La mise en exploitation définitive a été planifiée et mise en route en février 2008 avec une réinstallation complète du serveur avec un catalogue neuf, tout en conservant en parallèle le catalogue du pilote comme référence de certaines configurations clientes.
L’installation de l’ensemble du logiciel (serveur, noeuds de stockage, NDMP Tape Server, client) se fait à travers un installeur unique de très bonne facture, associé à une documentation riche et claire disponible en français et en anglais, qui permet un déploiement rapide et aisé.
La politique de sauvegarde en place dans le service ne comportant pas d’archivage à long terme de données utilisateurs (sous la responsabilité des unités), le choix a été fait de ne transférer aucune donnée et de simplement passer les clients dans Time Navigator tout en conservant jusqu’à leur échéance (6 mois pour les systèmes et 12 mois pour les données utilisateurs) les bandes faîtes avec Networker.

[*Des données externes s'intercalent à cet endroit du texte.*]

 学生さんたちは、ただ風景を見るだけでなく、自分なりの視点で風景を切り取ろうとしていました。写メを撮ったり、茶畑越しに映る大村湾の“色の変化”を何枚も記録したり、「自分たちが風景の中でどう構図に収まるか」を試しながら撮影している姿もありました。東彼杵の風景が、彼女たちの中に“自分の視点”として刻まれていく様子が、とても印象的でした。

La licence de site nous donne droit à l’accès aux services de maintenance d’Atempo qui comprennent un site internet ainsi que l’accès au centre européen d’assistance par téléphone ou email, ce du lundi au vendredi de 9 à 18 heures. Les demandes de services faites aussi bien pendant le pilote, qu’ensuite ont chaque fois été traitées avec diligence et compétence dans le cadre de notre niveau de support contractuel.

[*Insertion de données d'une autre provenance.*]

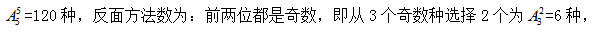 (4)兩個偶數(shù)中至少有一個在前兩個的位置,即包含了有一個或者是兩個均在前兩個位置中,情況較多,不太容易求解,故考慮用間接求解,即總的方法數(shù)-反面方法數(shù)=所求方法數(shù)??偟姆椒〝?shù)為:

Début 2008, Time Navigator a également été mis en exploitation au service informatique de la Faculté SV avec un serveur sous Windows 2003 Server gérant 2 librairies de bandes dont l’une directement attachée au NearStore du service de fichiers NAS de cette Faculté.

Conclusion

L’importance de nos infrastructures informatiques et surtout des données que nous y confions est telle, qu’aujourd’hui la protection de cet ensemble constitue un élément essentiel dans le bon fonctionnement de nos activités.
La mise en place d’une solution de sauvegarde n’est pas une opération innocente, elle doit pouvoir répondre à vos besoins de protection de données actuels tout en ayant les capacités de s’adapter à l’évolution de vos infrastructures, et ce, pour de nombreuses années.
Que votre infrastructure soit relativement modeste ou bien plus conséquente, mais de toute manière toujours en évolution, Time Navigator de par sa flexibilité et ses fonctionnalités répondra à vos attentes de protection de données, vous permettant de dormir sur vos deux oreilles.